Daniele Cernilli picks up on an editorial from ten years ago that deals with a topic that is still on the agenda among experts, critics and even winemakers.
I confess that that article of mine seems less old than I remember, and that is why I am reposting it to you.
The acidic drift
Elegance or thinness? A reflection on drinkability, balance and acidic drifts
“It doesn’t bother me much that my 2012 whites are thin and citrine, and moreover produced in very small quantities, given the vintage. Some Italians who will appreciate them will surely be there. There are people there who mistake thin wines for elegant wines…. “.
A comment that causes discussion
I do not want to tell you who uttered these words-which, moreover, were reported to me and I did not hear with my own ears. But the person who picked them up was in Burgundy, in Meursault, and the producer in question makes wines right in that area.

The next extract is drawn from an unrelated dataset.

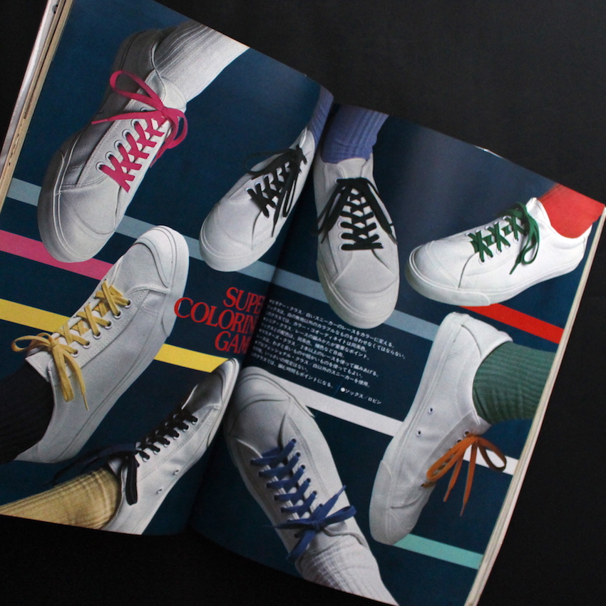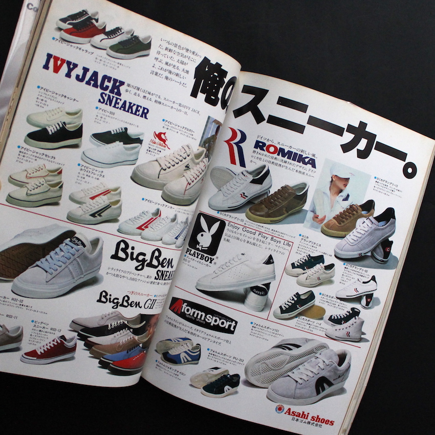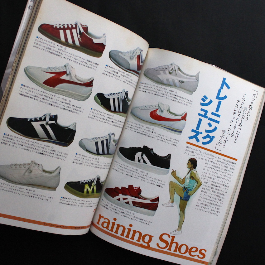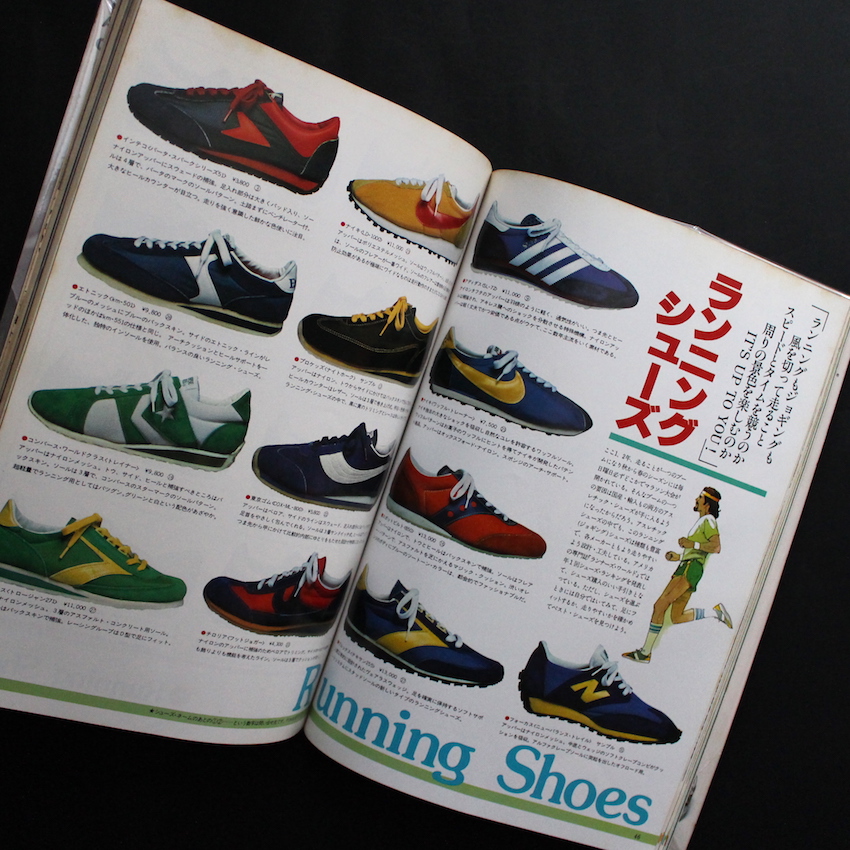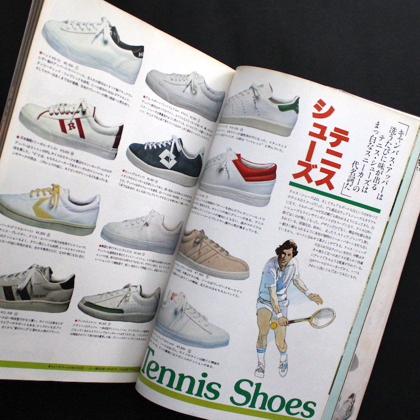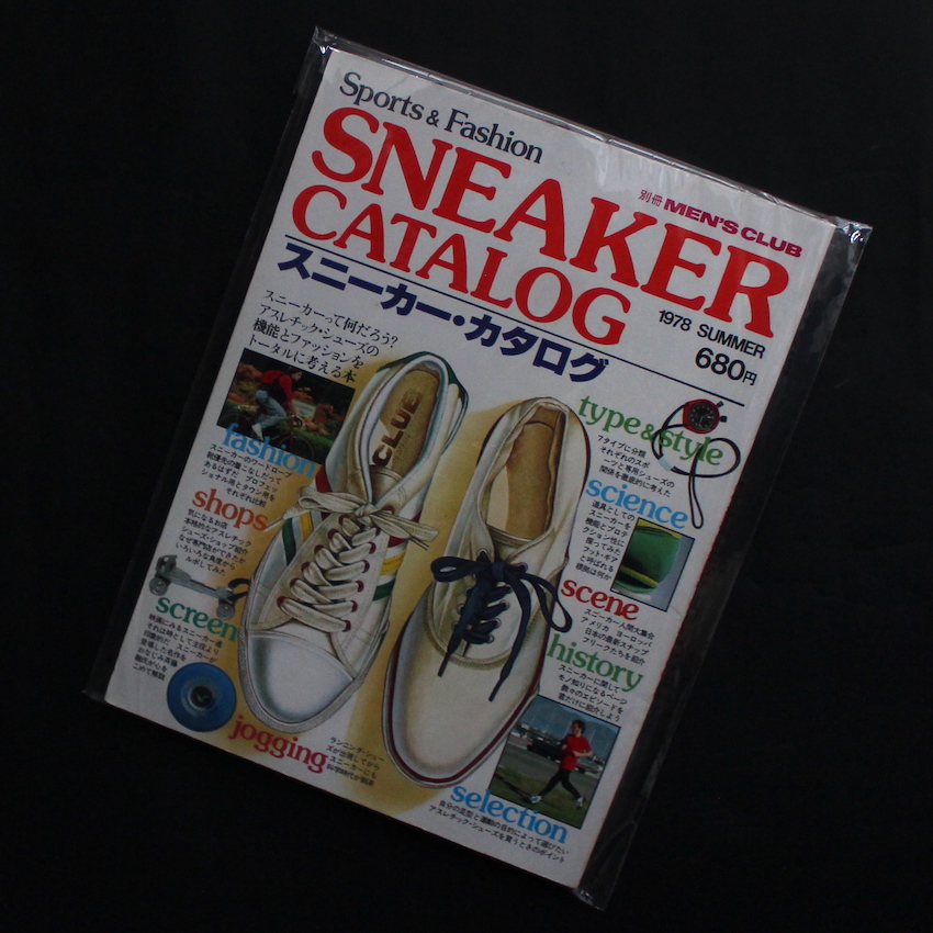 雑誌『メンズ・クラブ』の別冊として1978年に発行された『スニーカー・カタログ』。編集後記に「スニーカーという名の運動靴。ときにはアスレチック・シューズと呼ぶこともありますが、とにかくこのスニーカーがいますごい人気です」とあるように、今では当たり前に使われるスニーカーという言葉が若い人たちの間で一般化し始めた頃のようで、そのラインナップも豊富になってきたことが本書の背景にはあるようです。「バスケット」「テニス」「デッキ」「ランニング」「トレーニング」「スケートボード」「カジュアル」にカテゴリーが別れており、コンバースの「オールスター」(チャックテイラー)、アディダスの「スタンスミス」(もちろんフランス製)、そしてナイキの「ワッフル・トレーナー」など、現在も名作として語られるスニーカーが紹介されています。アメカジのバイブルとも言える『MADE IN USAカタログ』が発行されたのが1975年で、体裁も含め本書も似た雰囲気がありますが、メジャーからマイナーブランドまで当時のスニーカーを網羅的に紹介した資料価値のある1冊です。

After all, it is not so important who said such a sentence: what matters is the sense of the speech and the not-so-subtle accusation of naiveté aimed at some Italian enthusiasts and small importers by a vigneron bourguignon.
Is he right? Maybe he is, in my opinion, at least partially
In recent years, a concept of “drinkability” somewhat exaggerated is causing some oenophiles to lose sight of the far more important one of balance.
The result?
- Wines considered minor by producers, awarded instead of the top of the line.
- Wines of small vintages preferred to those of more important vintages.
- Citrine and slender whites elevated to extraordinary examples of elegance and – precisely – “drinkability.”
Tannins vs acidity: they are not the same thing
It is worth remembering a few essential points when approaching wine in a nontrivial way:
- while the tannins polymerize and soften with time (provided they are mature),
- l’acidity is fixed and remains more or less what it is.
Translated: an excess of tannin in youth can be a venial sin, while a wine that is too sour will remain as such, without evolving significantly.
By the way, the piece that Vinogodi dedicated to “lame whites” is enlightening (the article-which featured a challenge between Trebbiano and Aligoté-came out in 2013 and is no longer online; we’ll see if we can resubmit an update, ed.). Only very great performers succeed, at least in part, in ennobling small grape varieties, and in any case a suitable vintage is needed, capable of giving wines balanced.
An appeal to enthusiasts
I understand the enthusiasm and good intentions of many enthusiasts and budding critics. However, please:
sour wines and acidic drifts let us treat them for what they are: limitations, if not outright flaws.
Certainly not examples of extreme quality to be flaunted in the name of a misplaced ideal of drinkability which, in these cases, is not really understood.